本稿の主題はHBMであり、関連銘柄は希土類でなく「単価を取る3社への入口」と「数量を取る日本株」を置く。数字は2026年3月期の有価証券報告書 (EDINET) と2026年6月のSEC提出書類によるもので、売買の推奨や評価は示さない。

希土類の関連銘柄は別稿に役割別の30銘柄がある。

確かめられる点

  • 第1に、2026年の単価が実際に-6%へ緩むか。緩まなければGoldmanのTAMは上方修正になり、HSBCの経路に近づく。
  • 第2に、2027年のHBM4立ち上がりで+44%の単価上昇が通るか。Micronの四半期開示 (クラウドメモリー部門の売上と粗利益率) が最初の観察点になる。
  • 第3に、ASIC向け比率が2026年に33%へ上がるか。Google・AWS・Metaの自社チップの量産公表が対応する。
  • 第4に、日本側ではアドバンテストディスコの受注・売上がHBM向けで伸び続けるか、韓国からの輸入額が2026年通年で5,000億円を超えるか。
  • 第5に、DRAM総需要に占めるHBMの比率が2028年に14%へ達するか。

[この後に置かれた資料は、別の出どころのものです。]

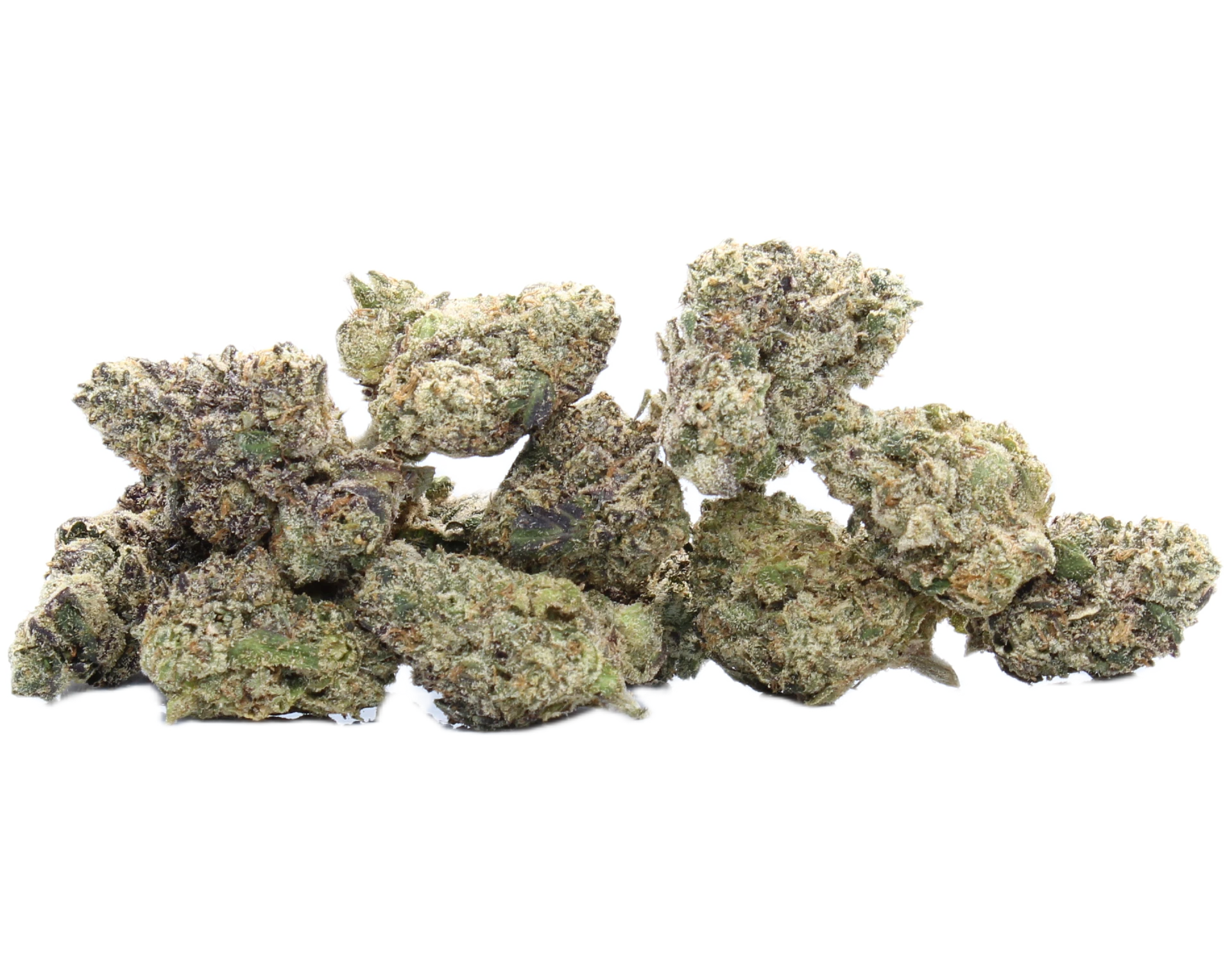 This strain brings the heat with a rich, gassy aroma and seriously dank vibes. The medium-sized nugs are a feast for the eyes: lush green with deep purple accents and a heavy dusting of trichomes that sparkle like they know they’re special (because they are).

この比率が上がるほど、従来型DRAMの供給が絞られ、メモリー全体の価格が支えられる。

Exhibit 50の要点は、1,684億ドルという到達点ではなく、その内訳が「数量は年4〜7割で伸び続け、金額の倍増は世代交代の値上げが作る」という構成にある。単価で稼ぐのは3社、数量で稼ぐのは日本の装置と材料、そして両方を積む場所の電気を原子炉が支える。この3層を分けて持つことが、HBMという言葉を投資に翻訳する実務になる。